UPDATE: Of course, as Dan Henninger and the WaPo note, McCain himself still has a tendency to go off script and throw bones to the Democrats, which undercuts some of the sharpest contrasts he can draw. That’s the double-edged sword of a guy who is more garrolous and less message-disciplined than Bush. It’s debatable which is really the better approach; as I have noted before, while Bush has mostly shined at staying on message, his inability or unwillingness to say more than the bare minimum creates a news vacuum that his opponents have often filled in ways that create whole narratives that Bush never fights back on.

3 thoughts on “Inside Hardball”

  1. Barack Obama yesterday in Missouri:
    “Nobody really thinks that, that, that Bush or McCain have a real answer for the challenges we face. So what they are going to try to do is make you scared of me. You know he–oh, he’s not patriotic enough. He’s got a funny name. You know, he doesn’t look like all of those other presidents on those dollar bills.”
    An elegant Sharptonian accusation, pathetic.

  2. Yeah, when this campaign started, I would not have imagined that Obama himself would launch those kinds of racial smears with such regularity.
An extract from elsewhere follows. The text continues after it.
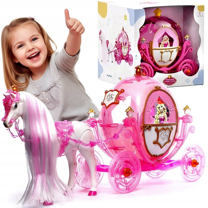 КОЛЯСКА ПРИНЦЕСИ З КОНЕМ КОНЕЧКОМ ВЕЛИКА КОЛЯСКА ДЛЯ ЛЯЛЬОК СВІТЛІ ЗВУЧАЄ

Morrissey and Tapper called him on the totally baseless nature of the response, and Glenn Reynolds summarized concisely what a lot of people are no doubt thinking: “perhaps the best reason to vote against Obama is to spare the country an administration that reflexively characterizes any criticism as racist.”
    Obama is just incredibly thin-skinned and has gotten progressively more full of himself as the campaign has worn on. It’s now reached the point where maybe he can’t imagine any basis but racism for criticizing his thin qualifications and accomplishments, his disastrous national security ideas and economic proposals, or his left-wing extremism on social issues. It can’t be him; it must be us.

  3. Crank,
    I don’t know how far back you go as a general election historian, but can you remember any general election candidate as thin-skinned as Obama? I’m a student of history, and I can’t. I’ve read quite a bit abot Pres. Truman, and he was a pretty sensitive fellow when it came to criticism. Obama rivals him. Can yopu remember a year ago approached a reporter and told him/her he didn’t appreciate the comment about his ears. He told that person not to do it again! That’s just one example! You’d have to think that by now his aides have told him to do a better job of rolling with the punches. His sensitivity to criticism is an obvious character flaw, similar to McCain’s temper. To this point, Obama has not received anything remotely close to the kind of criticism from the press corp that Clinton and Bush did. It makes you wonder how well he will handle this as president (even more so if the mainstream media will have the nerve to criticize Pres. Obama about anything!).